In a 2014 taxonomic revision, E. aucherianum, E. gayanum, E. gracile, and E. passgalense are considered to be the same species as E. collinum. The revised species has both diploid (2n = 14) and hexaploid (2n = 42) members. Based on sequence comparisons of expressed genes in 48 Erysimum species, E. collinum is most closely related to E. crassipes and E. crassicaule.

== Chemical defenses ==

The genus Erysimum is known for containing two major classes of defensive metabolites: glucosinolates, which are characteristic of all Brassicaceae, and cardiac glycosides (cardenolides), which are found only within the genus Erysimum. However, unlike other analyzed members of the genus Erysimum, E. collinum contains only trace amounts of cardiac glycosides (cardenolides). Nevertheless, extracts of E. collinum showed some inhibitory activity of the mammalian sodium-potassium ATPase pump (Na^{+}/K^{+}-ATPase), the main molecular target of cardenolides.
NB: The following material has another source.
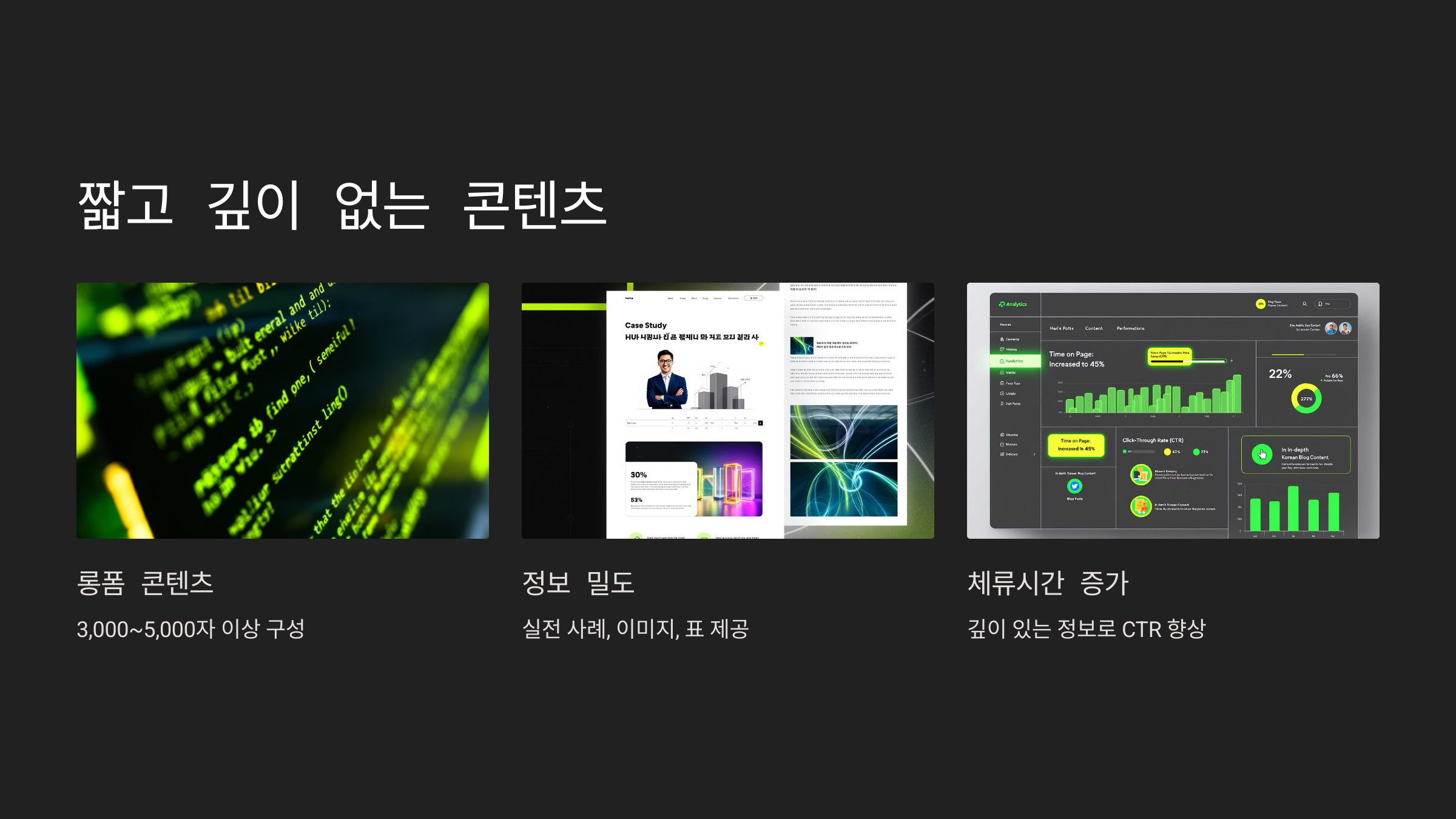 또, 내용이 얕고 반복적이면 방문자는 광고 클릭 전에 페이지를 벗어나게 됩니다. 결국 클릭률(CTR)과 체류시간 모두 낮아지게 됩니다.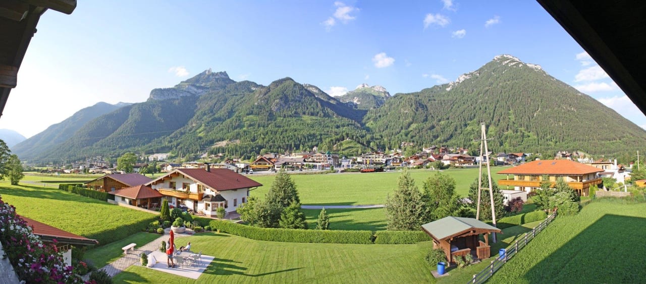 Panorama - vom Balkon auf Ort, Dampfzug und Rofan

The most abundant glucosinolate in E. collinum is glucoerypestrin (3-methoxycarbonylpropyl glucosinolate), which has been reported only within the genus Erysimum, including also in the species E. repandum (syn. E. pulchellum), E. odoratum, and E. ochroleucum. Other glucosinolates found in E. collinum are indol-3-ylmethyl glucosinolate, 4-methoxyindol-3-ylmethyl glucosinolate, 3-methylsulfinylpropyl glucosinolate, 2-methylpropyl glucosinolate, and n-methylbutyl glucosinolate.